Keeping Kids’ Data Safe
This story is reminiscent of the toy manufacturer VTech’s breach, only with slightly older children. I’m talking about the teen-monitoring app known as TeenSafe, which was recently discovered to have a vulnerable server, exposing the personal information of thousands of its users. Many of these are, of course, teenagers. The app allows for parents or guardians to monitor their browser history, text messages, apps downloaded, and so on. Data stored on the exposed server included email addresses for both parents and children, as well as the name of the device used, user IDs and passwords.
The number of accounts affected totals around 10,000. Although this may not match in quantity such truly massive breaches as Anthem, Equifax or Yahoo, the involvement of minors should make it just as serious. Especially since TeenSafe sees fit to disable two-factor authentication in order for the app to work. Perhaps worst of all, despite TeenSafe claiming otherwise, the data was not encrypted, but stored in plaintext.

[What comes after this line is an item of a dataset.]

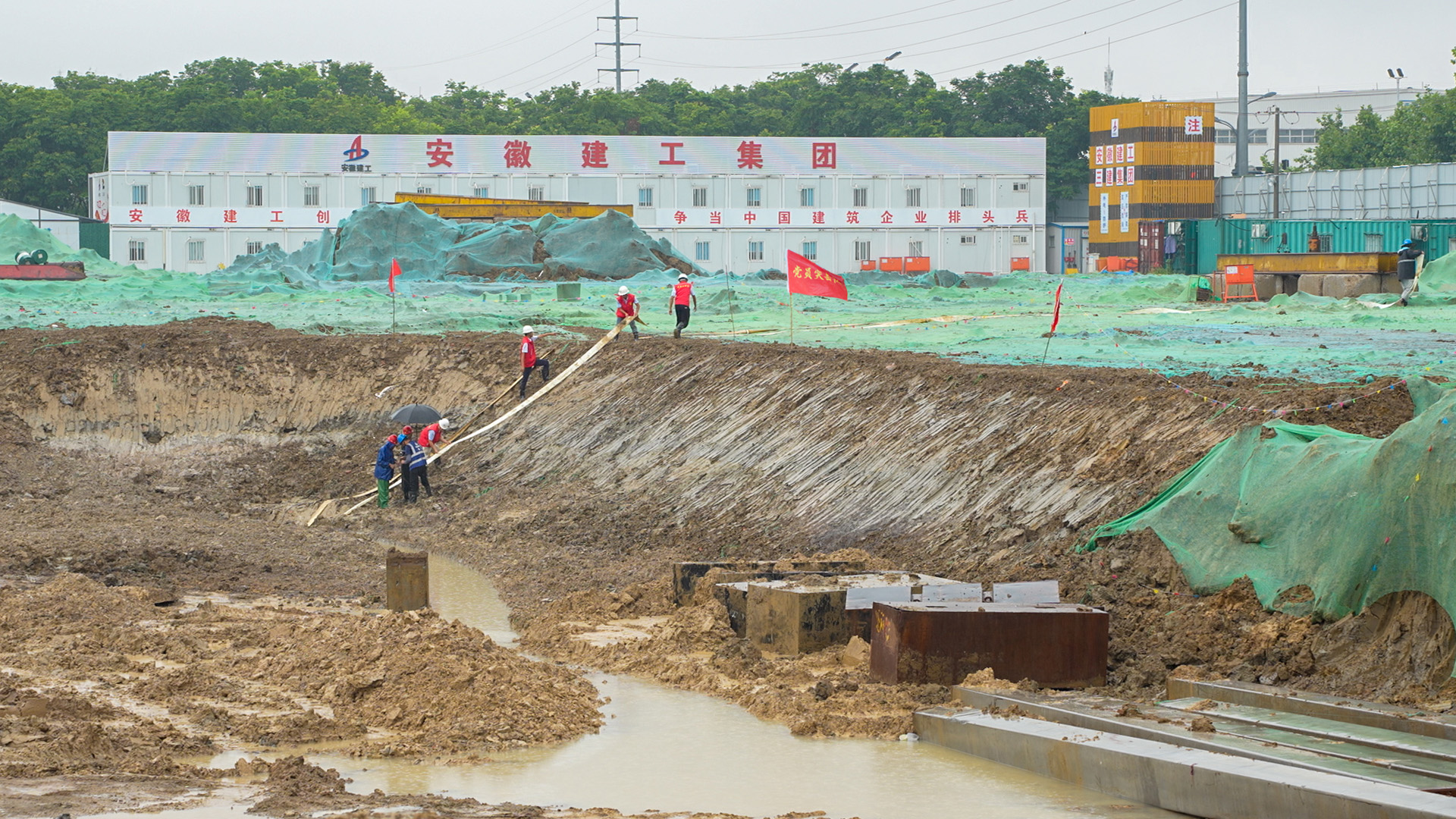 近期,合肥地區正值雨季,施工進度不可避免地受到了影響。面對雨季帶來的不利條件,項目團隊展現出強大的應變能力,積極發揮“兩個作用”,30多名黨員沖鋒在前,奮戰在防汛排澇一線,現場40多臺抽水泵同時作業,挖掘機24小時隨時待命,同時還增設臨時排水管道、優化排水系統,全力抽排項目積水,盡最大可能減少雨季水患對施工進度和質量造成的影響。經過施工團隊的不懈努力,有效避免了施工現場的積水問題,保障了施工的連續性,同時也彰顯了這支“江淮鐵軍”特別能吃苦特別能戰斗的優良作風。

In my opinion this is a fairly egregious violation. Almost as much as Facebook’s alleged policy of collecting browsing behavior data from non-users, but not allowing you to access or clear that information without having a Facebook profile. This was one of the topics addressed—or more precisely, not addressed—during Mark Zuckerberg’s hearing before the European Parliament. It is a matter of some concern since it violates the terms of GDPR, whose arrival is now imminent. Of course, a number of Facebook users (and perhaps of these non-users as well) are also teenagers, which exposes them to risk far beyond what an application like TeenSafe can do. Zuckerberg’s “attempts to justify the surveillance of everyone’s browsing behavior, regardless whether he or she is a Facebook user or not, with security reasons is very unsettling as it reveals that he has no idea of the concept of privacy,” said Jean-Paul Schmetz, managing director at Cliqz.

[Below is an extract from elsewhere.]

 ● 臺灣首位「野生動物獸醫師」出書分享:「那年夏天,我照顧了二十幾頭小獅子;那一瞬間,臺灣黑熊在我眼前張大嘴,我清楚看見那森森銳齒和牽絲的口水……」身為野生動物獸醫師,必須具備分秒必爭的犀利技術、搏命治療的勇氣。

The rest of the hearing saw similar testimony to Zuckerberg’s recent appearance before Congress: general stuff about the platform’s failure in certain areas pertaining to the Cambridge Analytica scandal, vows to improve, and the like.
If, however, practices like the ones that led to the scandal are not abandoned, these vows will prove empty. And the data of users old and young will continue to be abused, even without their cognizance.